Designing for elderly users
Creating an interface that remains simple and intuitive for people with cognitive challenges required us to rethink typical UI patterns.

Privacy considerations
Since the system uses camera input, we needed to design the architecture in a way that minimizes unnecessary data storage and respects user privacy.

Accomplishments that we're proud of

We are proud that we were able to:

Build a working multimodal AI companion
Integrate real-time vision and voice interaction
Create a personalized memory bank for patients
Deploy a scalable backend using Google Cloud
Demonstrate how AI can assist vulnerable populations

Most importantly, we built a prototype that shows how AI can move beyond chatbots and become a real-world assistant that supports people in everyday life.

What we learned

Through this project, we learned how powerful multimodal AI agents can be when applied to real-world problems.

Combining vision, voice, and contextual memory allows AI systems to interact with users in a much more natural way.

We also learned the importance of designing technology for accessibility, especially for elderly users. Interfaces must remain simple, clear, and supportive rather than overwhelming.

Finally, we gained valuable experience integrating Gemini Live capabilities with cloud infrastructure, enabling real-time AI experiences that can scale.

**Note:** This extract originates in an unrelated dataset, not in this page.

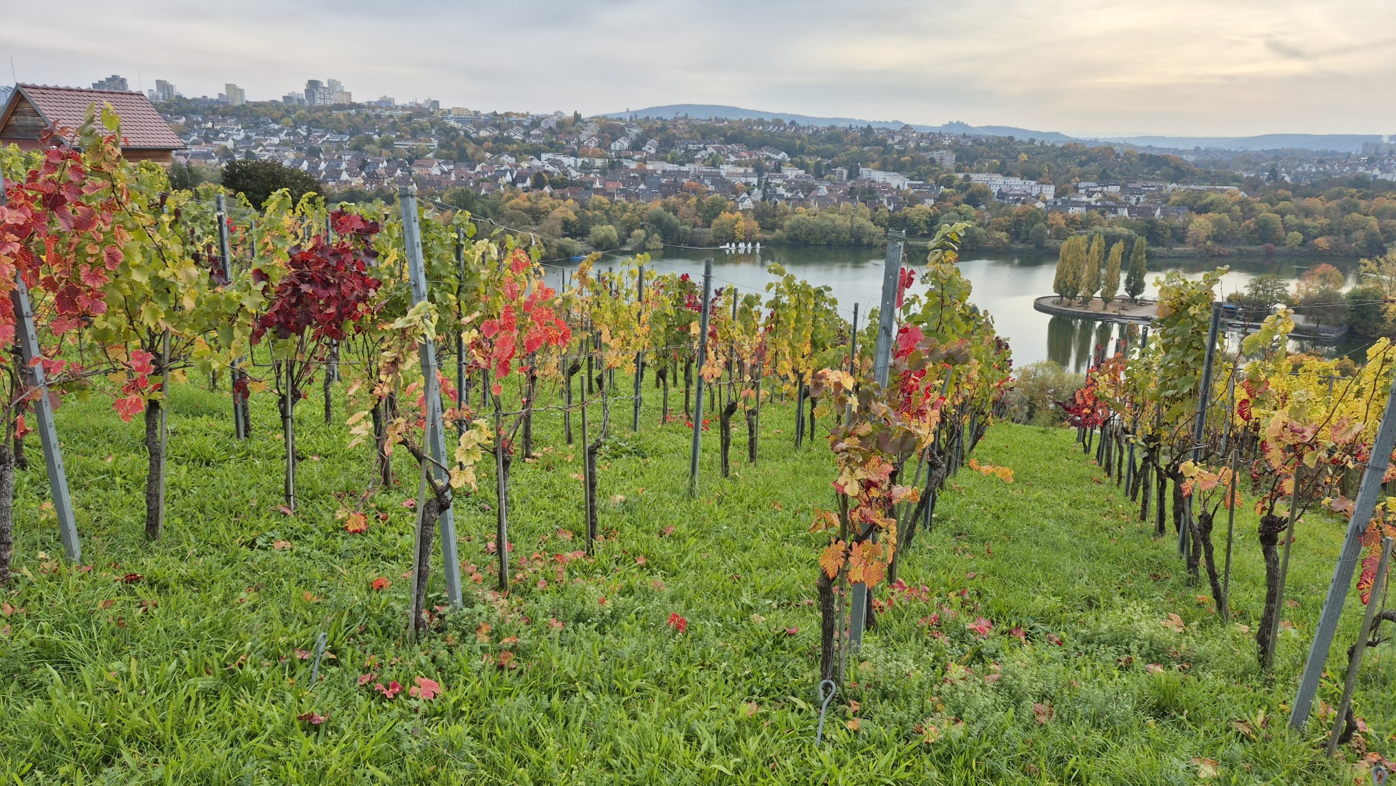 Nun ging es durch einen Weinberg zum Neckar hinunter, dann wieder über die Brücke in den anderen Stadtteil und zum Bahnhof, von wo wir die Heimfahrt antraten.

What's next for GuardianMind

GuardianMind is currently a prototype, but we see many opportunities to expand it further.

Future improvements could include:

Indoor navigation assistance
Integration with wearable devices or smart glasses
Advanced distress detection using behavioral signals
Support for multiple languages
A caregiver dashboard for monitoring and alerts
Improved environment recognition using richer visual context

Our long-term vision is to turn GuardianMind into a trusted AI companion that helps Alzheimer’s patients maintain independence while giving families peace of mind.